牧師のひとり言の目次 

こっちとあっち

 以前ラジオである人の本を紹介していたのを聞いたことがあります。その人も本の名前も定かではないのですが、その本は元気のない人に向かって元気がなくてもいいんだよ、と励ましている本だ、と言ってました。
 そういえば元気のない人に元気出せとか、泣いている人に泣くな、なんていとも簡単に言ってしまうことが多いように思います。相手を無理矢理元気にしようとしていることが多いのかもしれない、と思います。そうすることが相手のためと思うのか、自分には相手を元気にできる力があると思っているからか、それとも元気のない相手では気に入らないからか、理由はよく分かりません。でもそれは元気のない人にとってはとてもつらいことかもしれません。もう動けないという人に、こっちへこいよ、と言っているような、自分はちっとも動かないで、動く元気のない相手を動かそうとしているようなところがあるのかもしれません。
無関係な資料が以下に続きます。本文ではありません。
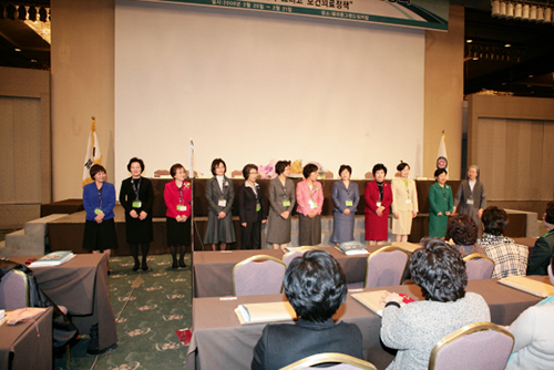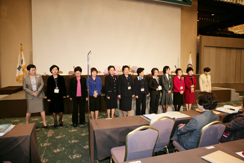 김조자 회장이 신경림 신임회장에게 회장메달을 걸어주며 축하하고 있다.그동안 수고한 구 임원들에게 박수를 보내고 있는 모습선거에서 선출된 2008-2009 신임 임원들제32대 회장으로 당선된 신경림 회장, 김용순 제1부회장, 박호란 제2부회장

 そういえば聖書にも「泣く人と共に泣きなさい」なんて言葉がありましたっけ。いっしょに泣くことは、泣いている人に寄り添っていないとできない、自分から泣いている人のところへ行かないとできないことのように思います。こっちへ来い、ではなく自分がそっちへ行くこと、それが相手にとっての力になるのではないでしょうか。
 元気出せ、泣くな、と言うのが言う側としては一番楽ではありますが。